In February 2017, Collier won two Grammy Awards: Best Arrangement, Instrumental or A Cappella for the Stevie Wonder song "You and I" and Best Arrangement, Instrumental and Vocals for a cover of "Flintstones". One month later he made his US television debut on The Tavis Smiley Show performing a rendition of "You And I" with jazz-gospel a cappella group Take 6. That year Collier recomposed Samsung's signature ringtone, "Over The Horizon", for the new Samsung Galaxy S8/S8+, and was co-producer on two songs from Becca Stevens album, Regina. Collier helped score DreamWorks' film The Boss Baby with composer Hans Zimmer. The following month, Collier performed with Zimmer and Pharrell Williams at Coachella Valley Music and Arts Festival. In April, Collier was a guest on the daily weekday talk show Harry, and a speaker at the annual TED conference in Vancouver, Canada. On 10 November 2017, the album Jazz Loves Disney 2, on which Collier performs a cover of "Under the Sea", was released.

Collier toured internationally for two and a half years (between 1 July 2015 and 18 December 2017), while hosting masterclasses and performances with orchestras and big bands around the world, including the Metropole Orkest. On 9 July, he and Cory Henry performed again with the Metropole Orkest and Jules Buckley at the North Sea Jazz Festival. In December 2017, Collier collaborated with American Pop/R&B singer Tori Kelly to record an a cappella YouTube video cover of the Christmas song "Have Yourself A Merry Little Christmas".

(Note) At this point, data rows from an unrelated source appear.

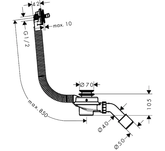 Hansgrohe Tubset universal - Základní těleso pro vanovou odtokovou a přepadovou soupravu s napouštěním, délka 85 cm 58152180
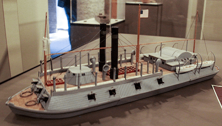 Poking around gazing at the old war tools, camp paraphernalia, extant documents or their copies. Strolling and reflecting trying to avoid clusters of people on the guided tours. I came up to an unmarked door; it was unlocked, and I opened it. I felt a mix of dizziness within a calm steadying force. It was as if some hydraulic of motion buffered my step inside. I was neither floating nor falling, rather fading forward at a steady pace. Once the door closed and I had my feet solidly on the floor I began a normal pace to a west facing window. It was warmer in here, either not cooled or inadequately vented. It reminded me these buildings were never meant to be seasonally comfortable as we demand today. People must have sweat a great deal more in 1863. My eyes readjusted and I saw a man in uniform staring motionless out a window to my right. A Union uniform as many others wore outside today. This one was rather plain and worn. I thought a true reenactor. The man had his back to me staring intently or maybe blindly, but certainly deep in thought. I moved over to a window away from him, so as not to interrupt his thoughts. I looked out to the West; the sight broke my silence. It elicited an unintended yelp from me. I was looking down not on the modern diversion canal but on the grand ole man hisself. There she flowed right at Vicksburg’s front door. At the shore Union gunboats, no power lines, no concrete streets, no traffic lights. The dusty streets were filled with uniformed men from both armies. Some Union men were mounted. It was impossible, still I was sure it was not some high-tech holographic display. Looking down Grove clear to the river past where I had parked and hiked to the courthouse. Now, there was nothing I had seen as I had ascended. My exclamation had interrupted the uniformed man’s thoughts.
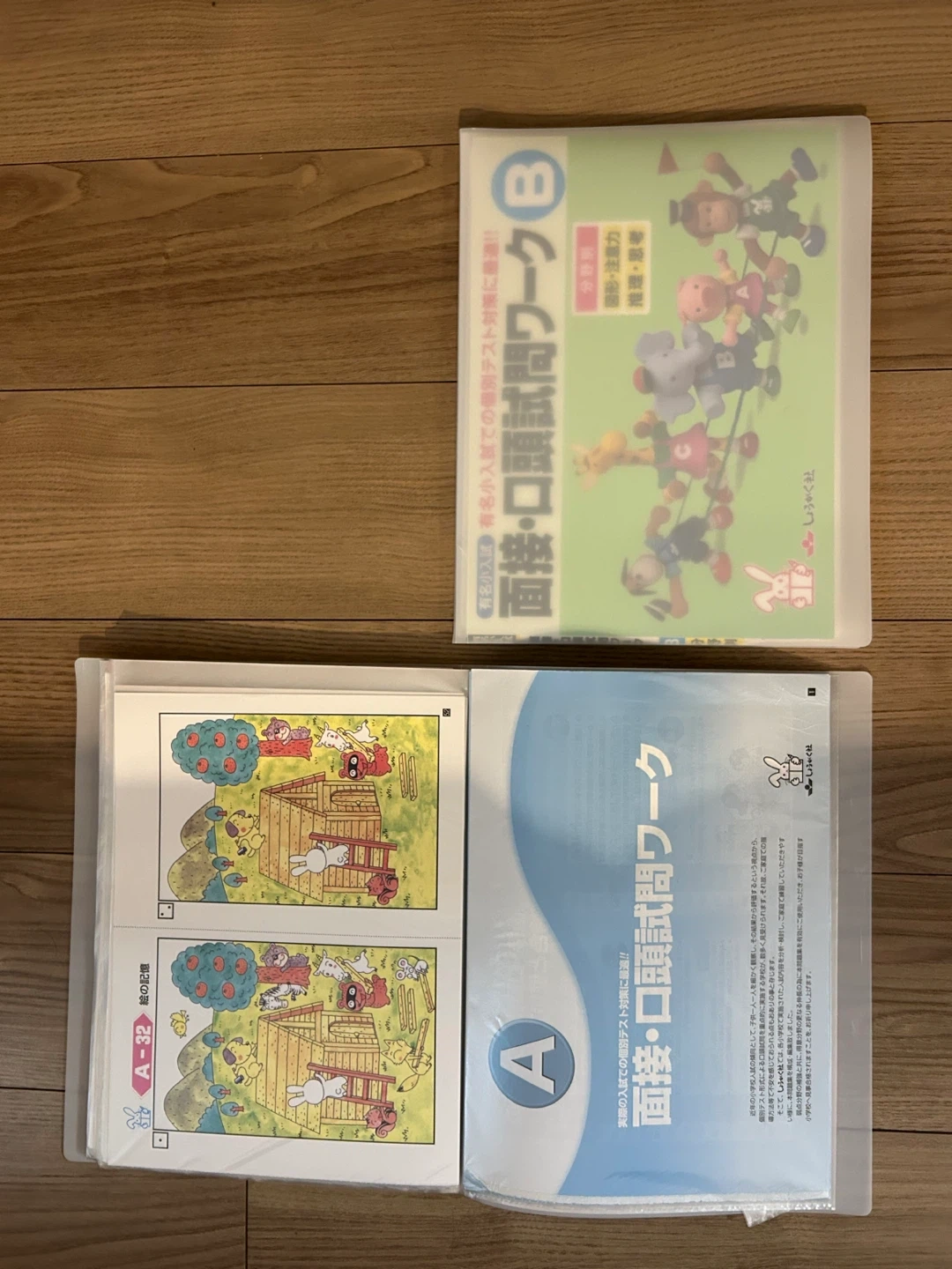 しょうがく社の面接・口頭試問ワークのAとBのセットです。 ・対象:小学校受験対策 ・状態:未使用に近い ・内容:ワークブック2冊(A, B) 使いやすいようにファイリングしてあります。 まとめ買いの場合はお値下げ交渉可能です。

In December 2017, Collier announced that the One-Man-Show's final performance would be in Rome on 18 December 2017. He discussed plans for a second album, to be recorded in 2018.

In July 2018, Collier was one of the surprise guests at Quincy Jones's 85th birthday party celebrations, at the Montreux Jazz Club.

On 19 July, "Jacob Collier and Friends" took the stage for a special concert as part of the BBC Proms at the Royal Albert Hall in London. Collier performed alongside the Metropole Orkest under conductor Jules Buckley, and invited Take 6, Sam Amidon, Becca Stevens, and Maalem Gnawa musician Hamid El Kasri.

2018–present: Djesse 

On , Collier announced a new four-volume, 50-song musical project, entitled Djesse.

Following a one-week residency at MIT, Djesse (Vol. 1) premiered live in Kresge Auditorium on 8 December 2018. The concert featured his performance with the MIT JC Orchestra (composed of MIT and Berklee College musicians), MIT Festival Jazz Ensemble, MIT Vocal Jazz Ensemble, MIT Concert Choir and Chamber Chorus, Rambax MIT (Senegalese drumming ensemble), mother Suzie Collier and other guests from Boston and Los Angeles.

The first single of the Djesse project, "With The Love in My Heart", was released on 2 November 2018. Two further singles, "Ocean Wide, Canyon Deep" and "All Night Long", were released in late November. Djesse Vol. 1 was released in full on 7 December. The volume features collaborations with Voces8, Laura Mvula, Hamid El Kasri, Take 6, and his mother, Suzie Collier. The Metropole Orkest appeared on every track. Collier produced, arranged, and orchestrated the music, in addition to singing and playing various instruments.

In January 2019, Collier began the Djesse World Tour backed by a band that included Portuguese singer and multi-instrumentalist MARO, bassist Robin Mullarkey, and drummer Christian Euman.

On 26 April 2019, Collier released the second single from the album, a cover of The Beatles' song "Here Comes The Sun" in collaboration with Dodie Clark. The third Vol. 2 single was released on 13 June, an a cappella arrangement of "Moon River" by Henry Mancini and Johnny Mercer with over a hundred vocal contributions from family members, mentors, friends, and other collaborators. The fourth and final single from Djesse Vol. 2, "It Don't Matter", featuring vocals of American singer-songwriter JoJo, was released on 5 July.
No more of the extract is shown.